Одинаковые стрелки показывали не то час, не то пять минут первого, когда он, нащупав выключатель на шнуре настольной лампы, пошлепал ко входной двери: кто‑то, не отпуская, держал кнопку звонка. Моцарт решил, что Сухоруков выставил Веру вон, хотя и для нее подобное нахальство было бы непростительным.
– Сейчас, сейчас! – щурясь от резкого люминесцентного света в прихожей, справился он с запорами.

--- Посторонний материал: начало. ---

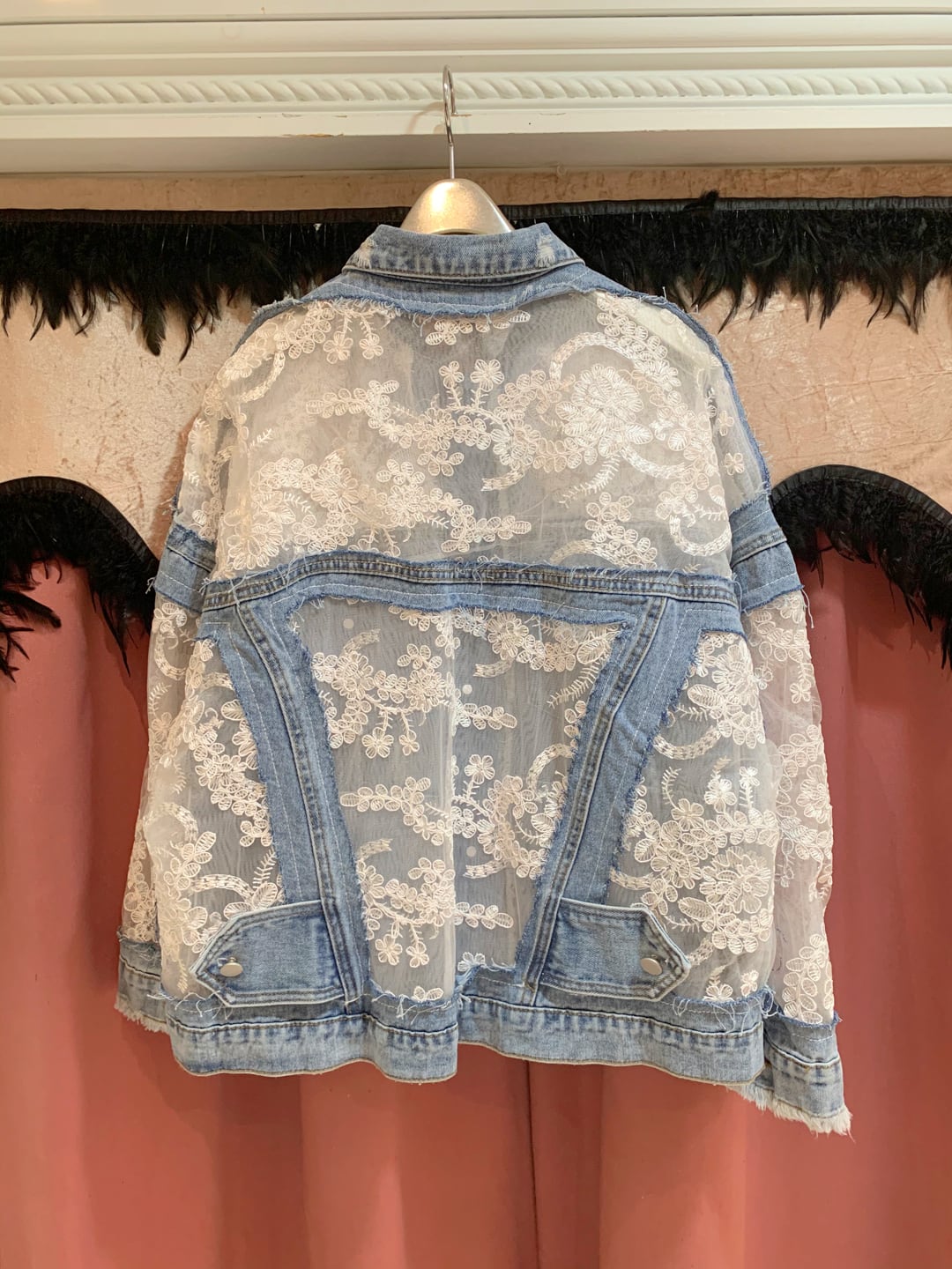 lace×denim jacket デニムジャケット デニム ジャケット レース 切替 春物新作 インポート

На резиновом коврике у порога стоял коренастый парень лет двадцати пяти, подстриженный «ежиком». Взгляд его маленьких цепких глаз пробуравил хозяина, запрыгал по стенам.
– Першин?
– Допустим.
– Одевайтесь.
– А в чем, собственно…
– Быстрее.
Человек втолкнул Моцарта в квартиру, переступил порог.
– Повежливее нельзя?
– Быстрее, я сказал!
Моцарт увидел, что в проеме выросла еще одна фигура. Разглядеть ее не успел – гневная волна подхватила его и бросила на вошедшего, но руки провалились в пустоту, встречный удар в грудь отшвырнул на обувной ящик.

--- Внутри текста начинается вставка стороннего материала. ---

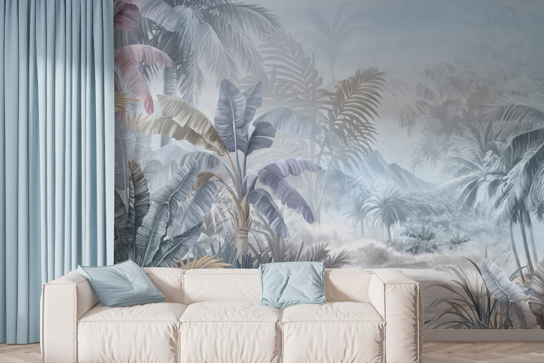 Μεταμορφώστε οποιονδήποτε χώρο σε μια ήρεμη απόδραση με αυτή την εκπληκτική τοιχογραφία ζούγκλας. Φανταστείτε να μπαίνετε σε ένα γαλήνιο τροπικό δάσος, όπου τα πλούσια φύλλα λικνίζονται απαλά και τα απαλά χρώματα δημιουργούν μια χαλαρωτική ατμόσφαιρα. Είναι σαν μια μίνι-διακοπή στον τοίχο σας – δεν απαιτούνται αεροπορικά εισιτήρια! Το λεπτό μείγμα μπλε, πράσινων και απαλών παστέλ χρωμάτων είναι αναζωογονητικό, σχεδόν σαν πρωινή ομίχλη σε έναν τροπικό παράδεισο. Είτε πρόκειται για ένα άνετο σαλόνι είτε για ένα ηλιόλουστο υπνοδωμάτιο, αυτή η τοιχογραφία δίνει ζωή και χαλάρωση στο δωμάτιο. Ιδανική για τους λάτρεις της φύσης και τους ονειροπόλους! Επιπλέον, προσκαλεί κάπως εκείνον τον γείτονα που πάντα λέει ότι χρειάζεται περισσότερη φύση στη ζωή του. Ξέρετε αυτόν!
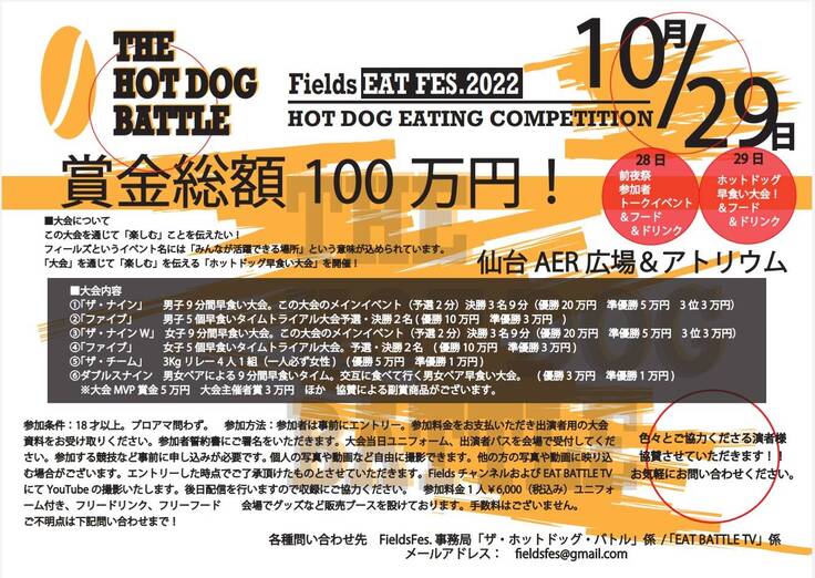 大食いイベントを通じて「楽しむ」ことを伝えたい。「ホットドッグ バトル」にて株式会社yikesmanagementによるスペシャルプログラムを遂行。 クラウドファンディングによる39万円は手数料を除き支援者へのリターンの作成物、プログラム制作、大会に使える布看板やのぼりの設営に使わせていただきます。 10月28日、29日仙台AER広場&1階アトリウムにて開催するイベント「ホットドッグバトル」ののぼりや旗などを制作いたします。

– Не успеешь одеться за сорок пять секунд – поедешь в трусах, – не повышая голоса, пообещал коренастый.
Судя по его настроению, выбора не оставалось. Впрочем, не было и страха.
– Мне нужно умыться.
– Не нужно.
– Паспорт…
– Не понадобится.
Подталкивая его в спину, налетчик по‑хозяйски выключил свет в прихожей, захлопнул дверь.
«Ключи, которые остались на вешалке, мне тоже больше не понадобятся?» – язвительно подумал Моцарт.
Коренастый шел справа, ступенька в ступеньку, профессионально отсекая его от перил. Напарник в темных очках следовал впереди. На улице было свежо, тихо.
Моцарта впихнули на заднее сиденье длинной, широкой иномарки, поджидавшей со включенным двигателем прямо на тротуаре у подъезда. Яркие лучи фар пронзили Глазовский переулок насквозь, до самого Смоленского бульвара. Моцарта вдавило в спинку сиденья; от тугой воздушной струи в окно справа заслезились глаза; фонари и неон реклам слились в сплошную разноцветную полосу.
Где‑то в районе Крымской площади он успел заметить острый кусок стекла в пассажирской дверце. «Значит, недавно, – догадался. – Не стали бы они разъезжать по столице с простреленным окном засветло».
– Я бы хоть чемодан захватил…
– Там все есть.
– Комар, Комар, мы едем, – заговорил не снимавший очков. Сотовый телефон умещался в его ладони. – Что там у вас?..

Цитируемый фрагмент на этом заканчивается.